| Data for this exercise |
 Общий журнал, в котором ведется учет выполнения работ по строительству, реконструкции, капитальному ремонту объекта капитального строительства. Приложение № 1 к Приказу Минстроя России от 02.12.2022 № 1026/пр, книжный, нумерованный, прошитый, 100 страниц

--

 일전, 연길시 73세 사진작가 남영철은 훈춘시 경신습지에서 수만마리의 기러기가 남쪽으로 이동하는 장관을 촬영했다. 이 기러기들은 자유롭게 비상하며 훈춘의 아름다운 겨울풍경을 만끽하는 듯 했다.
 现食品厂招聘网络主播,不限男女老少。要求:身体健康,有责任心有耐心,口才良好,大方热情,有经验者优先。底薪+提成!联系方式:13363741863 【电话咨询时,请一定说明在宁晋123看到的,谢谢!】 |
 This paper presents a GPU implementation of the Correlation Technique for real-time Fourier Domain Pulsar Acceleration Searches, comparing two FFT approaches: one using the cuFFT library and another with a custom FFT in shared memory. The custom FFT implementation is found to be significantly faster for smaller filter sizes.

| What you will do |
Reprint exactly the lines above that start at the one with "일전, 연길시 73세" and end at the one with "This paper presents", keeping both and adding none.

| Written response |
 일전, 연길시 73세 사진작가 남영철은 훈춘시 경신습지에서 수만마리의 기러기가 남쪽으로 이동하는 장관을 촬영했다. 이 기러기들은 자유롭게 비상하며 훈춘의 아름다운 겨울풍경을 만끽하는 듯 했다.
 现食品厂招聘网络主播,不限男女老少。要求:身体健康,有责任心有耐心,口才良好,大方热情,有经验者优先。底薪+提成!联系方式:13363741863 【电话咨询时,请一定说明在宁晋123看到的,谢谢!】 |
 This paper presents a GPU implementation of the Correlation Technique for real-time Fourier Domain Pulsar Acceleration Searches, comparing two FFT approaches: one using the cuFFT library and another with a custom FFT in shared memory. The custom FFT implementation is found to be significantly faster for smaller filter sizes.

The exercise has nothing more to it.